Пока я обдумываю, что лучше предпринять, взгляд останавливается на строке с надписью «Любимый. Тот, что под дождем», и я медленно просматриваю сообщения, начиная читать снизу вверх. Большинство ничего не значат, мы договариваемся о встрече или просто желаем друг другу спокойной ночи. Но одно сразу же привлекает внимание.

«Нас опять заперли в лаборатории, я должен писать дневник, но сижу и мечтаю о тебе. Почему я мечтаю о тебе почти все время? Это нормально вообще?»

Лаборатория? Может, мы часть жуткого эксперимента? Бред! Такое бывает только в фильмах. Прокручиваю текст дальше.

«Ви, я так соскучился, что хочу поцеловать каждую твою веснушку. Кажется, я фетишист».

Поворачиваю голову, исподтишка разглядывая Шона. Мы сидим близко, наши колени соприкасаются, но он не отодвигается и, похоже, не возражает против этого. Жаль, я не могу вспомнить наш первый поцелуй. Интересно, было ли между нами что-то большее? Опускаю глаза к экрану и решаю отмотать сообщения к самому началу.

«А знаешь, мне даже понравилось покидать твою комнату через окно. Я чувствовал себя героем того самого романа, о котором ты рассказывала».

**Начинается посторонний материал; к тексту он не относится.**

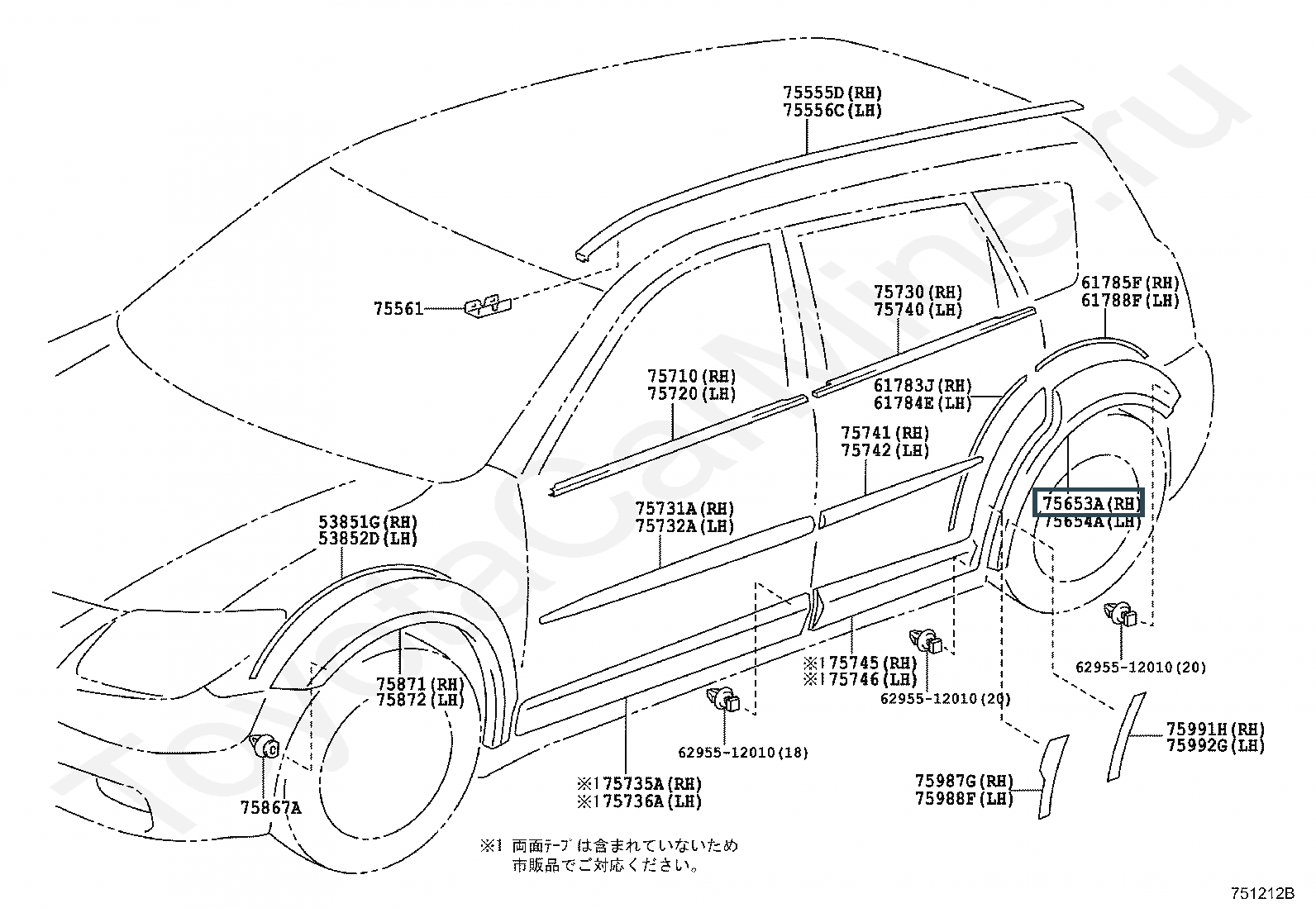 75653-01020-B0, MOULDING, QUARTER, OUTSIDE REAR RH

«Боже, Арт своим пением сводит меня с ума. Можно я к тебе перееду?»

«Сегодня полковник в отъезде. Жди. И если ты спрашиваешь про цвет, я выбираю черный».

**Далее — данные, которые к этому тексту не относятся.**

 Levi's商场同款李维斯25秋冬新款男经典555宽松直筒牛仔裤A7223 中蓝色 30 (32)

Я читаю строки, захлебываясь словами и пытаясь сдержать улыбку, но уголки губ тянутся вверх, словно кто-то натягивает их, привязав тонкие ниточки. В моих чувствах к Шону пока пусто, но прочитанные слова касаются сердца, разжигая внутри нежный огонек симпатии. Я не знаю этого парня, но почему-то верю каждой строчке.

«Сегодня Джесс наорал на весь отряд. На самом деле парни ни при чем. Он в очередной раз угрожает снять меня с позиции командира (это уже забавно, правда?). Встретимся на нашем месте в десять?»

Значит, Шон является командиром отряда? Звучит логично. Такой строгий и суровый снаружи, тонко чувствующий внутри.

«Люблю тебя, Веснушка! Уже скучаю!»

Мне нравится, как он делится со мной мыслями каждый вечер. Это как писать друг другу письма. С одной стороны, старомодно, но при этом так романтично.

«Засыпаю, сидя на совещании. Несмотря на то что я не спал всю ночь, в чем, между прочим, ты виновата, я все равно заявлюсь сегодня снова. И да, то черное белье просто восхитительно!»

Значит, мы… Я покрываюсь румянцем и кошусь на Шона, будто подглядываю за чужой жизнью, заполняя словами, сказанными другой девушке, гулкую пустоту, а себя – чужой историей любви. Он поднимает на меня взгляд и… улыбается?

– Все нормально? А то у тебя выражение лица… взволнованное, что ли?

– Да, в порядке, просто читала сообщения, – тараторю я в ответ. К лицу приливает жар, и я опускаю глаза, разглаживая несуществующие складки на своем пальто. – А то я ведь совсем тебя не знаю.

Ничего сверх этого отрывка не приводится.